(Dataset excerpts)
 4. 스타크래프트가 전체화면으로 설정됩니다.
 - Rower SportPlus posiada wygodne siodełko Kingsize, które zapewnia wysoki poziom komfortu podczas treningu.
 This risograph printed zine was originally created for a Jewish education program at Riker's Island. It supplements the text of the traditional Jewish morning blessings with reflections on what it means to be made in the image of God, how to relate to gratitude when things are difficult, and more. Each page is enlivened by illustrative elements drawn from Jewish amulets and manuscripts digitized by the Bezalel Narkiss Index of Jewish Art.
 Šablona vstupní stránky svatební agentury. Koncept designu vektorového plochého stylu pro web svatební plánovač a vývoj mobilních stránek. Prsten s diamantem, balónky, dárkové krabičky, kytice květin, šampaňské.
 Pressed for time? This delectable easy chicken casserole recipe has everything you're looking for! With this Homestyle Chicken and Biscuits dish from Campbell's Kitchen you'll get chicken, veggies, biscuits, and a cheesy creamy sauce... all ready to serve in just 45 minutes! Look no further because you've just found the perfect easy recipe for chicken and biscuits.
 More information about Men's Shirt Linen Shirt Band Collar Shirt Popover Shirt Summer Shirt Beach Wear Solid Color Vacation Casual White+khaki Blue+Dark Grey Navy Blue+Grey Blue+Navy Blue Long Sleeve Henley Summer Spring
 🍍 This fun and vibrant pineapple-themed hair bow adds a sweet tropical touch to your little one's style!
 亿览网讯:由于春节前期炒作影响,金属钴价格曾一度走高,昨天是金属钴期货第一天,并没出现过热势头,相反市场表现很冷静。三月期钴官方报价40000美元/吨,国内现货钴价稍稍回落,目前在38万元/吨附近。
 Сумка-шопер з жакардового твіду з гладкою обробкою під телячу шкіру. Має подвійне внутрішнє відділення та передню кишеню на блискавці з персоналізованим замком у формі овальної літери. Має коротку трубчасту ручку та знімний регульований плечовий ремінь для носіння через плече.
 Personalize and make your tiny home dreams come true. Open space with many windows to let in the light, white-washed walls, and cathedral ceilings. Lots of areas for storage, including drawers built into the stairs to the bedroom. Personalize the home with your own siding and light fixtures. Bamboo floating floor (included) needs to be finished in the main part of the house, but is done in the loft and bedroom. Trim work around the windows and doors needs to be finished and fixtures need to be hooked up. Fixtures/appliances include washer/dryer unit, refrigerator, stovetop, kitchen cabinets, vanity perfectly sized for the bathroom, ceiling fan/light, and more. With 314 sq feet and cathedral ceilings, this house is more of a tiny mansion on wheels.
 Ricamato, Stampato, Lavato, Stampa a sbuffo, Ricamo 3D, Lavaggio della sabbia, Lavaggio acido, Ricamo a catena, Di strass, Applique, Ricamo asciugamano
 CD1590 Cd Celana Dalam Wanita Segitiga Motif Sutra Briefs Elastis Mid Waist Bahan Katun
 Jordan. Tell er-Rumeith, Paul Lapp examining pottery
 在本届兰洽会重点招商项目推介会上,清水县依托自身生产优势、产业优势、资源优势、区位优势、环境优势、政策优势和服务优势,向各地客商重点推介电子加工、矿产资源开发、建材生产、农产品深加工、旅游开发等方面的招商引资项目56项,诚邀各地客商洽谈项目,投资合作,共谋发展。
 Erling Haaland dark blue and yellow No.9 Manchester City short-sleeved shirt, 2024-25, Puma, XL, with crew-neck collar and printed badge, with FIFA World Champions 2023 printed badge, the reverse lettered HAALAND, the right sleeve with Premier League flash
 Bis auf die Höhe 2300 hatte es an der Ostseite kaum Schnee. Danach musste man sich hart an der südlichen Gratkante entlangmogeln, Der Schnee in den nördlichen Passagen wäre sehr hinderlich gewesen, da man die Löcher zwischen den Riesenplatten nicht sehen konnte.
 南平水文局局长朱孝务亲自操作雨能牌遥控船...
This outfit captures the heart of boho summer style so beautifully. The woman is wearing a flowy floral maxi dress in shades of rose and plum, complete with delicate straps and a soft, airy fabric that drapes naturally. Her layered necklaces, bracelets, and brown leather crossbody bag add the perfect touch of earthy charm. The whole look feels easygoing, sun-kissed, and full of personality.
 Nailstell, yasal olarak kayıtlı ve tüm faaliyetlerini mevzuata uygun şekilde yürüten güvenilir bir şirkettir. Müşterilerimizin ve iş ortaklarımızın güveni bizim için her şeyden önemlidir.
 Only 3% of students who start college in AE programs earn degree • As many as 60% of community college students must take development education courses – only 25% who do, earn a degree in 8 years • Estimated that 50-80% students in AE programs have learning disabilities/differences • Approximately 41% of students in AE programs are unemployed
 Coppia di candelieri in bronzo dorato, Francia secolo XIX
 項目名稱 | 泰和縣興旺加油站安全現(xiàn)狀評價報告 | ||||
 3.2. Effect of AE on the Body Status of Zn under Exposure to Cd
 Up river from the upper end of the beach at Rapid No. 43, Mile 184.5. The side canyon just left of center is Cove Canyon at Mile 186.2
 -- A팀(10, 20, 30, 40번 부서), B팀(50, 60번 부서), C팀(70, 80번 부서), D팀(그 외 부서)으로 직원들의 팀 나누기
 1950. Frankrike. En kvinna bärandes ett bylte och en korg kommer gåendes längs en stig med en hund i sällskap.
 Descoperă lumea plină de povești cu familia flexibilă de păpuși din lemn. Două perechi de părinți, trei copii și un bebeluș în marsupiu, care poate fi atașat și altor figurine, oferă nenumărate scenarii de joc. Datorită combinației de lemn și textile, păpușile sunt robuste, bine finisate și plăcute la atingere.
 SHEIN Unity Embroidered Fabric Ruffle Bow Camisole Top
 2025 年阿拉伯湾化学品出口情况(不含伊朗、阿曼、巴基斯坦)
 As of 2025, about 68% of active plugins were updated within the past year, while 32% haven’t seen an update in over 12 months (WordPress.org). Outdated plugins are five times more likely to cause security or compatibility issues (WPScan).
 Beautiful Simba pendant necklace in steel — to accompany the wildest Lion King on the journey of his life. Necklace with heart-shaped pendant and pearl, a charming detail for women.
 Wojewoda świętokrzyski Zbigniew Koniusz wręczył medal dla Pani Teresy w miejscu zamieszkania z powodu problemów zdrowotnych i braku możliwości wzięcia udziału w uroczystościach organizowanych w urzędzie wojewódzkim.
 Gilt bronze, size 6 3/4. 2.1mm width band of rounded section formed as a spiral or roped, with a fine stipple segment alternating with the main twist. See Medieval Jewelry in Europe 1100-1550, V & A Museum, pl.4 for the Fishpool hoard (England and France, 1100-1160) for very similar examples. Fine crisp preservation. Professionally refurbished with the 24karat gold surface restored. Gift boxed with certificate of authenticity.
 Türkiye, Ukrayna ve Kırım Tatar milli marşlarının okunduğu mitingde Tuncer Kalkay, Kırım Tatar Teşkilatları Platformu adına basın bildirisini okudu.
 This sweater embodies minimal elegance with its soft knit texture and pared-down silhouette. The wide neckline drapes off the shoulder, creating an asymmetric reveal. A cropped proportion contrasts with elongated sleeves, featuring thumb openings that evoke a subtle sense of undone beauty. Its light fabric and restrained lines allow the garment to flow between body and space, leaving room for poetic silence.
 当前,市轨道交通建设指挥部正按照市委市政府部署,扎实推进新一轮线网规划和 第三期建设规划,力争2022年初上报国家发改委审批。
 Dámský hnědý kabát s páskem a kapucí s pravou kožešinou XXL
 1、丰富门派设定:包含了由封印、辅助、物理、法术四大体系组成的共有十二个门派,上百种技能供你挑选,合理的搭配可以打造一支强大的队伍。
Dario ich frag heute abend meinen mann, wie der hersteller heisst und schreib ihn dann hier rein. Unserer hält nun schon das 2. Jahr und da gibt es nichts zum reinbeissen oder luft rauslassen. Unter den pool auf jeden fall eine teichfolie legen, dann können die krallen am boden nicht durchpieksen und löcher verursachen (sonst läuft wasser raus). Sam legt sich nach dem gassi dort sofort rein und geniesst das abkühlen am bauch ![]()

-- Problem --
Write out exactly those lines of the records above that lie from the one with "1、丰富门派设定:包含了由封" through the last line, including both.

-- Answer to the problem --
 1、丰富门派设定:包含了由封印、辅助、物理、法术四大体系组成的共有十二个门派,上百种技能供你挑选,合理的搭配可以打造一支强大的队伍。
Dario ich frag heute abend meinen mann, wie der hersteller heisst und schreib ihn dann hier rein. Unserer hält nun schon das 2. Jahr und da gibt es nichts zum reinbeissen oder luft rauslassen. Unter den pool auf jeden fall eine teichfolie legen, dann können die krallen am boden nicht durchpieksen und löcher verursachen (sonst läuft wasser raus). Sam legt sich nach dem gassi dort sofort rein und geniesst das abkühlen am bauch ![]()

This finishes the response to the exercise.